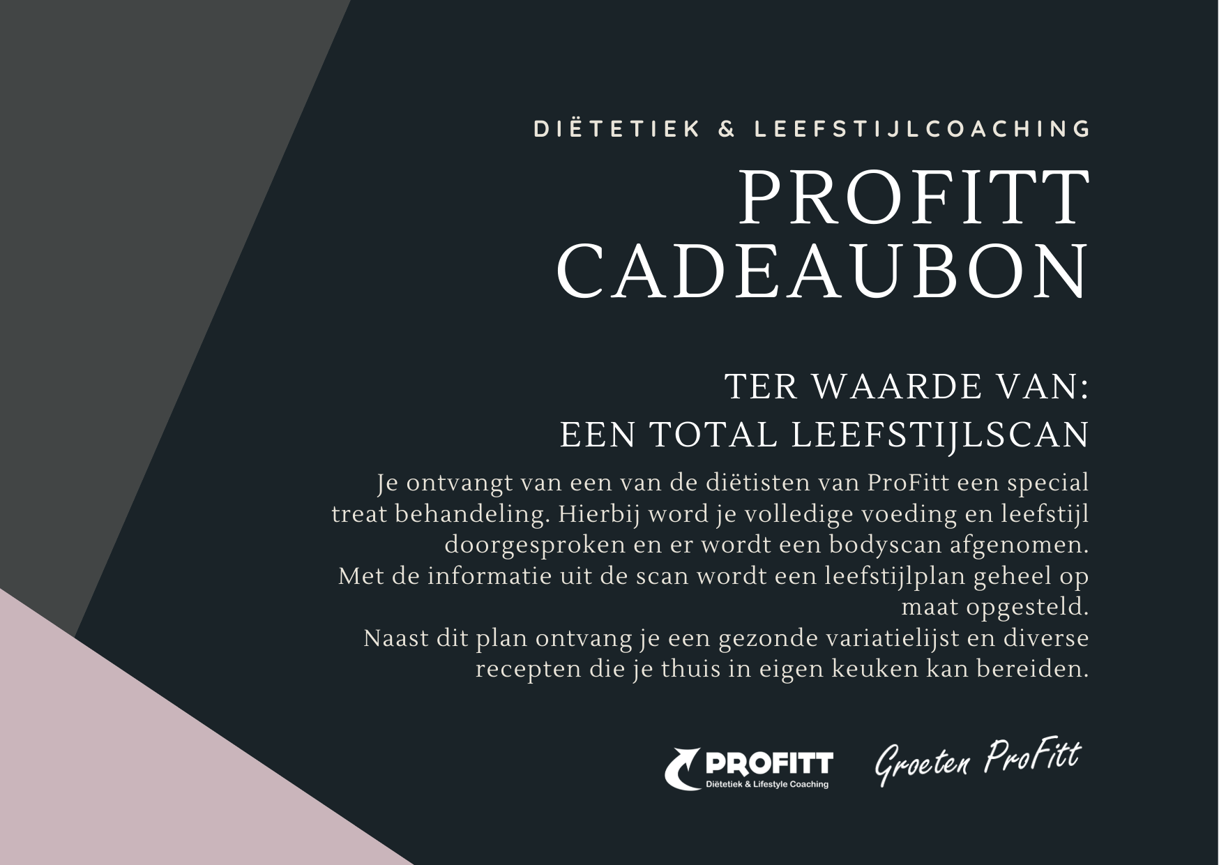 Je ontvangt van een van de diëtisten van ProFitt een special treat behandeling. Hierbij word je volledige voeding en leefstijl doorgesproken en er wordt een bodyscan afgenomen. Met de informatie uit de scan wordt een leefstijlplan geheel op maat opgesteld.
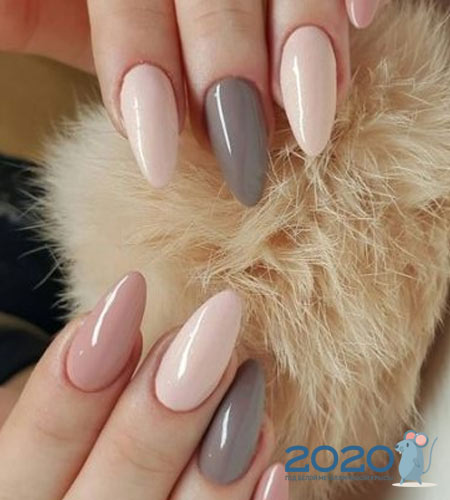 Im Herbst 2019 und im Winter 2020 wird, wie auf dem Foto zu sehen ist, der beliebteste Nagellack auf mittleren Längen sein. Unter den beliebtesten Formen ist zu erwähnen:
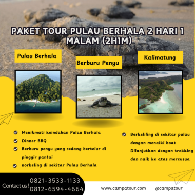 Bagaimana? Ingin merasakan petualangan seru di Pulau Berhala? Jangan tunda lagi. Ayo, segera daftar dan ajak teman-teman atau keluarga mengikuti Paket Tour Pulau Berhala 2 Hari 1 Malam di Campa Tour untuk menikmati petualangan seru yang tak akan pernah kamu lupakan. Bersama Campa Tour, liburanmu akan semakin mudah, nyaman, dan berkesan. Yuk, segera rencanakan liburan di Jambi yang tak terlupakan mengunjungi Pulau Berhala. Jalan-jalan ke Jambi dan temukan surga tersembunyi yang siap memanjakanmu.
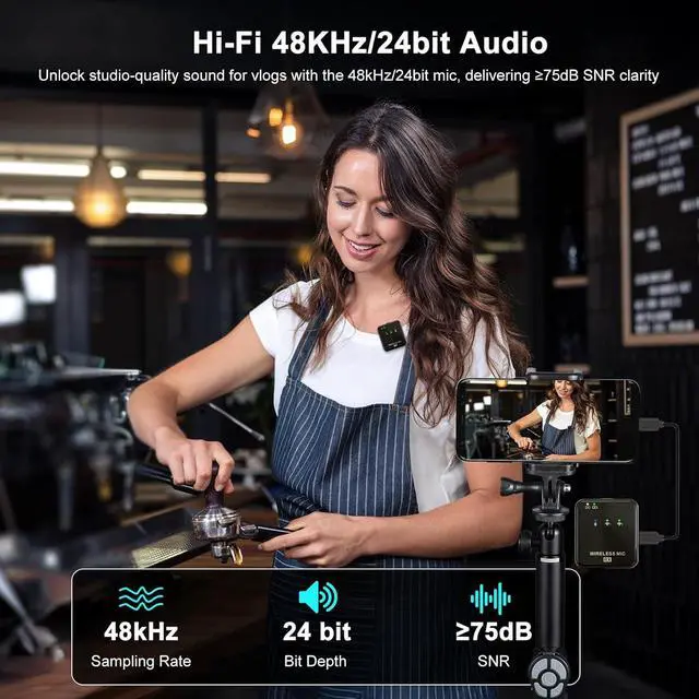 [48KHz/24bit Premium Audio] Experience crystal-clear audio with this omnidirectional tiny mic, engineered with -38dB±3dB sensitivity for pristine voice pickup. Enjoy OTG lossless tech, offering audio fidelity that rivals CD quality. It's equipped with a 48kHz/24bit sampling rate and a remarkable >75dB SNRideal for students, vloggers, journalists, mukbang creators, fitness coaches, and office professionals who demand top-tier audio performance
···
The answer is the whole listing retyped exactly, with pictures omitted.

▶ _Written solution_
 Je ontvangt van een van de diëtisten van ProFitt een special treat behandeling. Hierbij word je volledige voeding en leefstijl doorgesproken en er wordt een bodyscan afgenomen. Met de informatie uit de scan wordt een leefstijlplan geheel op maat opgesteld.
 Im Herbst 2019 und im Winter 2020 wird, wie auf dem Foto zu sehen ist, der beliebteste Nagellack auf mittleren Längen sein. Unter den beliebtesten Formen ist zu erwähnen:
 Bagaimana? Ingin merasakan petualangan seru di Pulau Berhala? Jangan tunda lagi. Ayo, segera daftar dan ajak teman-teman atau keluarga mengikuti Paket Tour Pulau Berhala 2 Hari 1 Malam di Campa Tour untuk menikmati petualangan seru yang tak akan pernah kamu lupakan. Bersama Campa Tour, liburanmu akan semakin mudah, nyaman, dan berkesan. Yuk, segera rencanakan liburan di Jambi yang tak terlupakan mengunjungi Pulau Berhala. Jalan-jalan ke Jambi dan temukan surga tersembunyi yang siap memanjakanmu.
 [48KHz/24bit Premium Audio] Experience crystal-clear audio with this omnidirectional tiny mic, engineered with -38dB±3dB sensitivity for pristine voice pickup. Enjoy OTG lossless tech, offering audio fidelity that rivals CD quality. It's equipped with a 48kHz/24bit sampling rate and a remarkable >75dB SNRideal for students, vloggers, journalists, mukbang creators, fitness coaches, and office professionals who demand top-tier audio performance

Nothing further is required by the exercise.